REQUIREMENT =>
Copy, without a single change, each line from the one that holds "Onze retrokoekjes zijn" to the bottom of the entries below, and drop any pictures.

RECORDS FOR THE EXERCISE =>

---*---

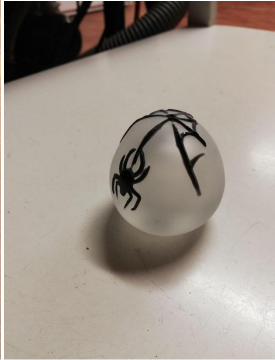
Fotod: Vasakul uued toorikud, paremal liivsöövitusel töödeldud õõnes toorik
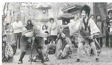
子ども願人踊 (秋田県八郎潟町)
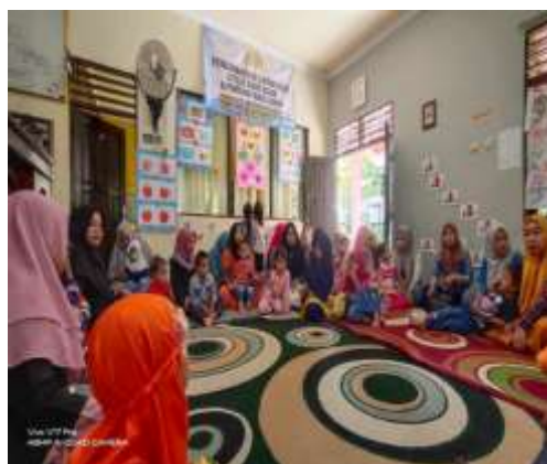
Gambar 4.1 Kegiatan Parents Gathering
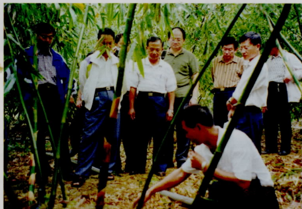
土撥鼠在綠竹筍園挖隧道
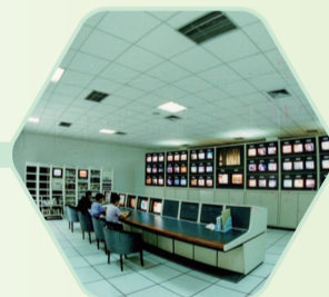
有线电视数字化整体 转换机房(2008年)
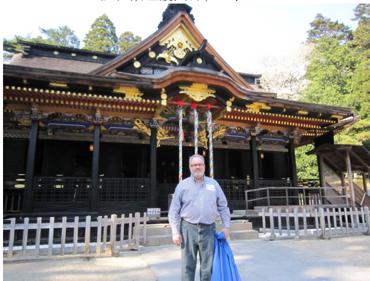
大崎八幡宮での記念写真
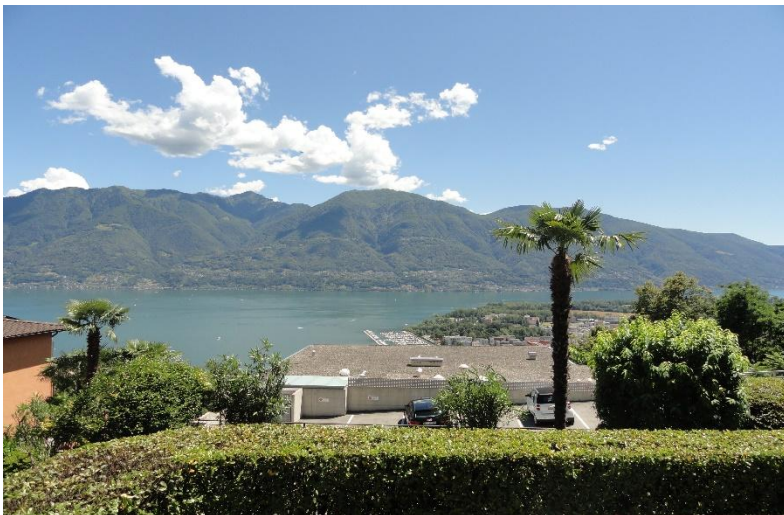
Aussicht / vista
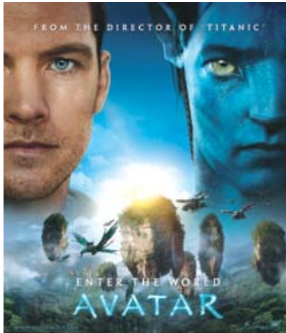
Naučno-fantastični film Jamesa Camerona Avatar, prestigao je Titanic i postao film sa najvećom zaradom svih vremena.

Kada je riječ o glavnim ulogama koje bi mogle biti nominirane za Oscara, svakako prednjače Sandra Bullock koja je već osvojila Zlatni globus, nagradu SAG, i nagradu Udruženja filmskih kritičara, te Jeff Bridges koji je također dobio Zlatni globus za ulogu u filmu "The Crazy Heart", zatim nagradu SAG, priznanje Udruženja filmskih kritičara, te Udruženja filmskih kritičara Los Angelesa.
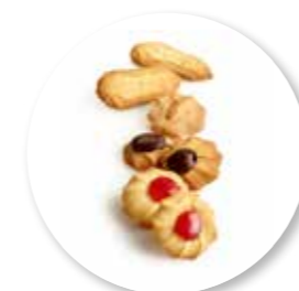
Retro Sprits 600 g / ± 80 st. Ref. 0820

Onze retrokoekjes zijn authentieke en smaakvolle koekjes uit de oude doos, die helemaal passen in de huidige trend van retro en vintage.
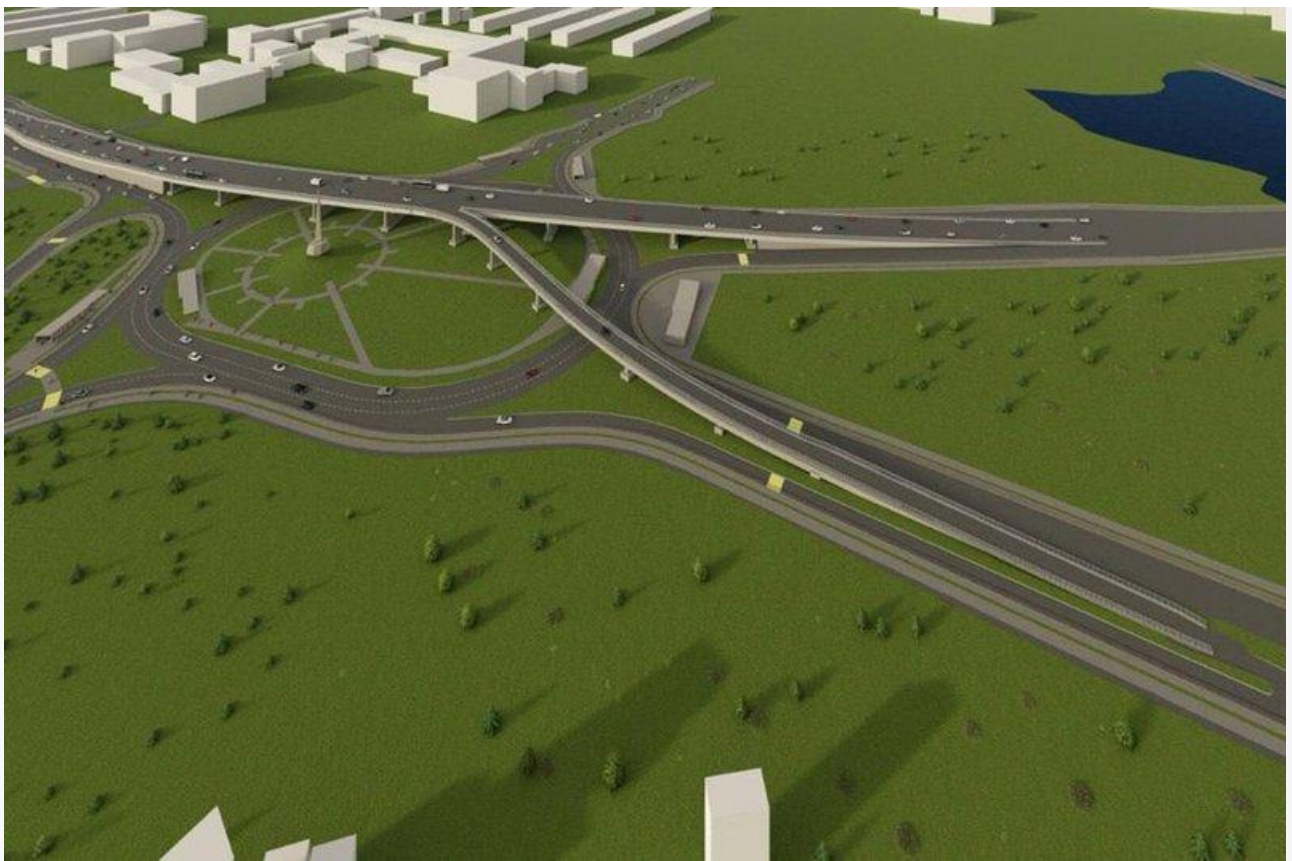
Проект модернизации Байкальской развязки

А в фантазиях о далеком будущем у читателей телеграм канала «Иркутск. Дальше некуда» эта развязка выглядит иначе:
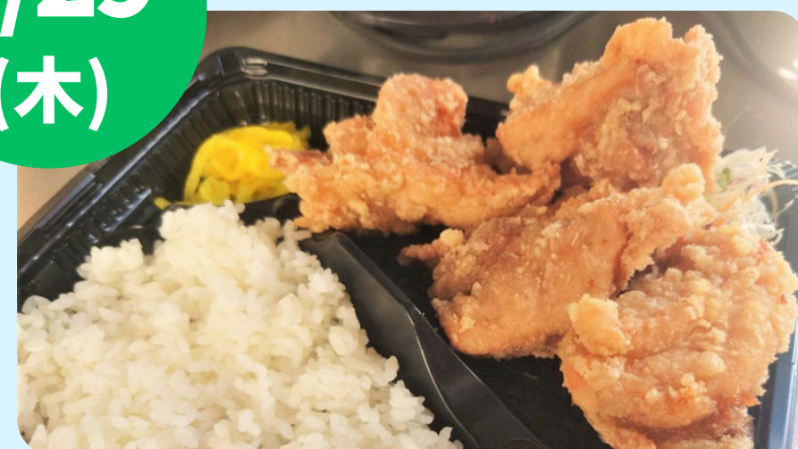
名取フードサービス (日替わり弁当・ローストビーフ丼)

※ ごみは各車で受取回収します。または、所定のごみ箱へ廃棄してください。 ※ 病院内での飲食は、入院されている病棟または拓桃館1階のひだまりラウンジにてお願いします。
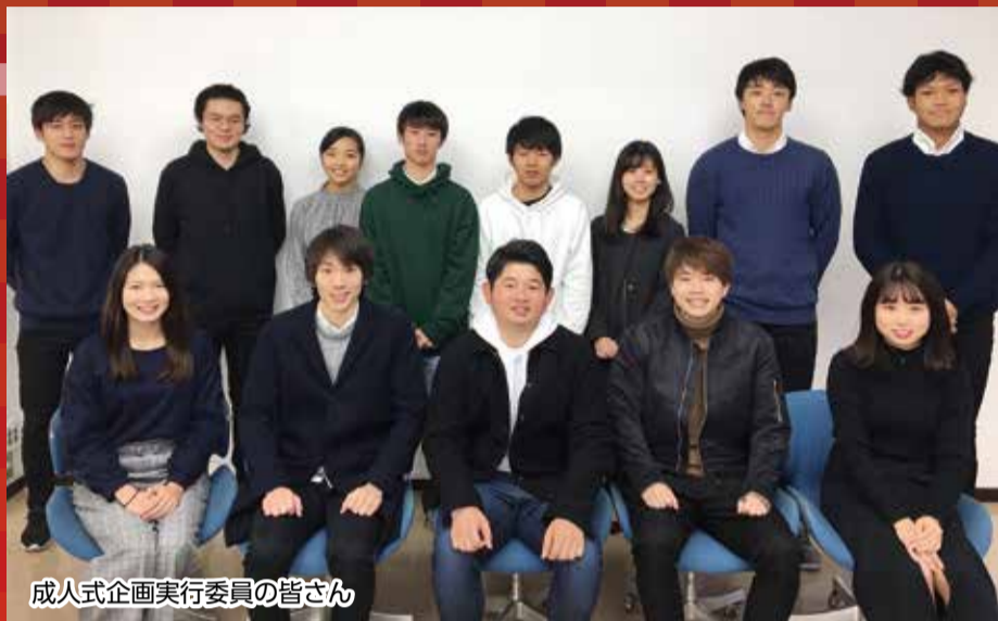
成人式企画実行委員の皆さん

---*---

EXERCISE ANSWER =>
Onze retrokoekjes zijn authentieke en smaakvolle koekjes uit de oude doos, die helemaal passen in de huidige trend van retro en vintage.
Проект модернизации Байкальской развязки

А в фантазиях о далеком будущем у читателей телеграм канала «Иркутск. Дальше некуда» эта развязка выглядит иначе:
名取フードサービス (日替わり弁当・ローストビーフ丼)

※ ごみは各車で受取回収します。または、所定のごみ箱へ廃棄してください。 ※ 病院内での飲食は、入院されている病棟または拓桃館1階のひだまりラウンジにてお願いします。
成人式企画実行委員の皆さん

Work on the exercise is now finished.